3.8  Okay, that makes sense, but I'm a bit hazy on step 6. What does
     the table on page 19 mean and how is combat resolved?

     A: Every Creature has Energy and Substance values. If a Creature
     is attacked by another with greater Energy *and* Substance
     (compare each separately), that Creature is destroyed. Attackers
     may be destroyed in the same manner as defenders.

     Thus, if a 2 Energy 3 Substance attacker is up against a 1/4
     defender, both will survive. If the attacker adds 2 more
     Substance, they will reign victorious, but if the defender comes
     up with 2 more Energy the attacker will be vanquished.

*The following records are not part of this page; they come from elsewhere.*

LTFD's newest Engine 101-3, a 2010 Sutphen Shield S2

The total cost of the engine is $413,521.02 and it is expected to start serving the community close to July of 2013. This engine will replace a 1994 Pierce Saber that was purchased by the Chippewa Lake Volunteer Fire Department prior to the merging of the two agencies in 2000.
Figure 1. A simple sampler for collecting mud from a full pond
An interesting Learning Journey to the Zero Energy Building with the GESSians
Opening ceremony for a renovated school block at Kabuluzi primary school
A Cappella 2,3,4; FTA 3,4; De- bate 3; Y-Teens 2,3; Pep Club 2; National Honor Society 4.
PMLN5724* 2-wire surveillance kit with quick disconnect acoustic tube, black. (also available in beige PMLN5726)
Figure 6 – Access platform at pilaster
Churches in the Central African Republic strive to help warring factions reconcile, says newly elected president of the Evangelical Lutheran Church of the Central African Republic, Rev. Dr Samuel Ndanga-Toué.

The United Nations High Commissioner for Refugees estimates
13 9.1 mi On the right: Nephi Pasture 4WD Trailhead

3.9  Can you tell me exactly what you can and can't do in a chosen
     Time Zone?

     A: The rules are quite explicit about this matter (page 14).
     Concisely: each turn, you choose a Time Zone, which we'll refer
     to as the Chosen Time Zone (CTZ). For the remainder of your turn,
     the only place that you may play Creatures and Resources, attack,
     or use Special abilities is in your CTZ.

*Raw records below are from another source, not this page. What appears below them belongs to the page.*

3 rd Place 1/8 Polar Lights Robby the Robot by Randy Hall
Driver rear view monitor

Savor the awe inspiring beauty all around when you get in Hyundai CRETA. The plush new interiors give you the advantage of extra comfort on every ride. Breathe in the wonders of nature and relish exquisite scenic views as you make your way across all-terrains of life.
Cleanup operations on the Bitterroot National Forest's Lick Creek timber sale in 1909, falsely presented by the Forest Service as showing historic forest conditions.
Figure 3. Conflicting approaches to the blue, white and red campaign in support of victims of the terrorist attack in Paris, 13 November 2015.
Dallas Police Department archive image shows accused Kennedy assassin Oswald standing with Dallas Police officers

     You may play Episodes and Flash cards anywhere. Furthermore, you
     may Side creatures in any Zone to solve an Episode.

     On your opponent's turn, you can only Side cards in the CTZ your
     opponent chose.

3.10 How do defensive cards, those which specify "until end of turn"
     or "this turn" work? If I Side such a Resource on my turn, surely
     its effect is gone by my opponent's turn.

     A: Side these cards on your opponent's turn and their effect
     lasts until the end of *their* turn. Nothing in the rules states
     that Creatures and Resources cannot Side on your opponent's turn,
     as long as they are in the CTZ chosen by your opponent.

3.11 Do I have to pre-empt my opponent's actions by Siding a defensive
     card (on their turn) before they announce a combat?

     A: Let's look at an example. Say you have a Trionic Lock (which
     can Side to prevent an opponent's Resource from Siding) in play.
     Your opponent starts their turn, and immediately Sides one of
     their Resources. One interpretation would be that it's now too
     late to use the Trionic Lock on it, since the Lock only *prevents*
     the Resource from Siding. Now that it *has* Sided, it's too late.

     A second interpretation would be that as long as you Side the
     Trionic Lock immediately, your opponent's Resource is effectively
     locked. Unless you enjoy speed play ("I Sided it first! No! I
     Sided it first!"), we recommend this option.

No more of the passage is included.